Second, the same poll found that in the Republican primary, only 58% of Republicans strongly support Trump's renomination (and 77% support his renomination at all), which, given Trump's cult-leader status and 90%+ approval rating within the GOP, is suspect. If this discrepancy is any indication, the Morning Consult results are skewed to the Left by at least 10 points, and that would spell major trouble for Sanders.
Third, although the crosstabs for the poll does not show the breakdown on portion of the sample that was African American, Grim, in his piece, draws attention that the African American numbers are based on a sample of 2,587 black voters. The MC crosstabs do tell us the entire Democratic primary sample for this poll was 12,560 people. Carrying over the one and so forth, that would make the sample 20% African American. In 2016, about 27% of Democratic primary voters were black, and the number is more likely to rise than shrink in 2020.
Combine this under-representation with the likely 10-point Left skew of the entire poll, and things really start to look bleak for St. Bernard.
Fourth, the poll's crosstabs don't actually show the race breakdown for anyone other than Biden and Sanders, so I asked how Grim, err, intercepted this data about Harris' support.
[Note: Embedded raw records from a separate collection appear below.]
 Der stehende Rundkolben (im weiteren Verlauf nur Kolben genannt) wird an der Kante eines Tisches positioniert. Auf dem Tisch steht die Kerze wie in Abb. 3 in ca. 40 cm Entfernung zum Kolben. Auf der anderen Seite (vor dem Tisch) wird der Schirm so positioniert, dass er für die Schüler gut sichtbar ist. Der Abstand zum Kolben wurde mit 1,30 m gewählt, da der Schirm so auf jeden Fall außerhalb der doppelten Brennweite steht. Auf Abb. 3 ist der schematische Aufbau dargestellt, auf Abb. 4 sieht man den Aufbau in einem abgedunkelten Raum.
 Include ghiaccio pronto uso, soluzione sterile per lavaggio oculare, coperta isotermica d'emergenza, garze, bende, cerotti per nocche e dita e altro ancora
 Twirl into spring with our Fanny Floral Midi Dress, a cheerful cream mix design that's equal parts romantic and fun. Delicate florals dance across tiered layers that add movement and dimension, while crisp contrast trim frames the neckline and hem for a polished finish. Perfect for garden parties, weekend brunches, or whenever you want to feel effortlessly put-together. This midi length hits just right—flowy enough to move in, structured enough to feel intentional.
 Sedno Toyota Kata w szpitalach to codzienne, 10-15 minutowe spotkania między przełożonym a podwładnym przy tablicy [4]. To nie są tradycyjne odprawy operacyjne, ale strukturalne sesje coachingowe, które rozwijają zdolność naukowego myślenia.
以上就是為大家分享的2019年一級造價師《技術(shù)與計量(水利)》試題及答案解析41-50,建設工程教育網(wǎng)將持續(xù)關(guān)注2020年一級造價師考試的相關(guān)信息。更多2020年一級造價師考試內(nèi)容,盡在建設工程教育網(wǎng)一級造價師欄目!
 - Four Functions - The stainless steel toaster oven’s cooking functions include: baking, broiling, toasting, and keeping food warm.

Grim replied that Morning Consult gave him numbers that Morning Consult didn't publish, which of course raises more questions: first, where are the numbers for everyone else, what other unpublished information has he got, and why isn't he publishing all of it? And second, what does the fact that Morning Consult won't themselves publish the numbers mean? Is it possible it means those numbers aren't as reliable as the figures they did publish? That's likely the case.
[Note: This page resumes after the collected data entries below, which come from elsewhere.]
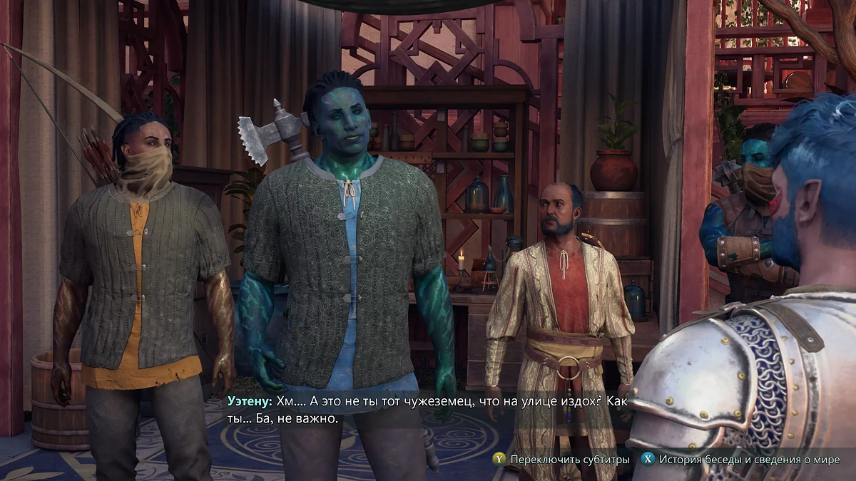 Лавка аптекаря находится совсем недалеко. Когда вы подойдете, увидите, что у него конфликт с местными бандитами. В ходе диалога у нас не получилось решить вопрос мирно, однако это, очевидно, возможно. На шум битвы пришел лидер бандитов — огромный огр, а также все его подчиненные во всем районе начнут с вами драться.
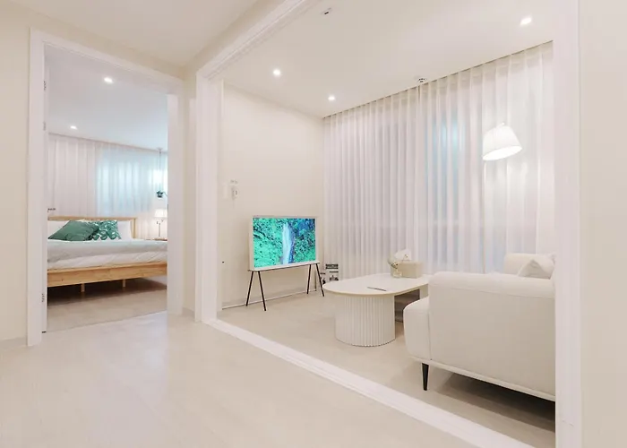Die Ferienwohnung Mint House Hapjeong verfügt über Annehmlichkeiten für Selbstversorger wie eine voll ausgestattete Küchenzeile und bietet außerdem einen Essbereich, in der die Gäste entspannt ihre Mahlzeiten einnehmen können. Die Ferienwohnung Mint House Hapjeong ist auch in nur 5 Gehminuten Entfernung von der U-Bahn-Station Hapjeong gelegen.
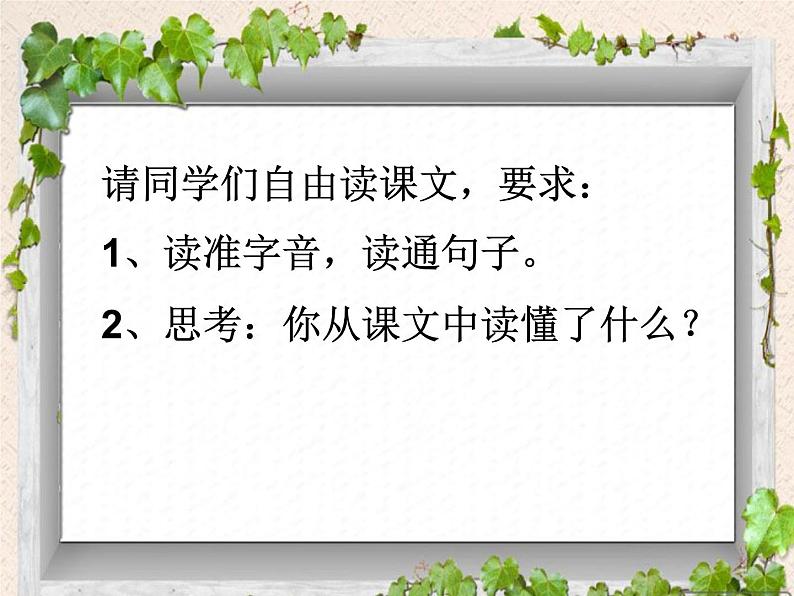 展开请同学们自由读课文,要求:1、读准字音,读通句子。2、思考:你从课文中读懂了什么?

Lastly, what happened to all the other people of color? Another detailed Morning Consult poll actually shows that Bernie Sanders' base - the part of the Left that wants to fight rather than compromise on solutions - is down to just 15% of Democratic voters.
The problem with Bernie-state media is that they are desperate, grasping for straws, to back their preconceived notion that Bernie Sanders' overwhelmingly white following is a result not of his record, his history and his attitude, but of black people's ignorance of what a Savior Bernie Sanders is. Seriously, like, he got a $25 desk ticket for protesting housing discrimination over 50 years ago, and he chained himself to two black women! Two! BLACK! Women! What more do these people want?
The problem that Bernie Sanders has with people of color, is of course, not his outreach. It is his decades long erasure of people of color in this country, from him being part of white flight to the Caucasian paradise of Vermont in the 1960s to his unremarkable 30-year unremarkable career in the US Congress with no legislative accomplishments on race that even Sanders can remember.
In fact, when asked about it, Sanders headed straight back for his standard shtick of conflating economic issues with race, baring his belief that race essentially does not exist apart from the economic condition in America.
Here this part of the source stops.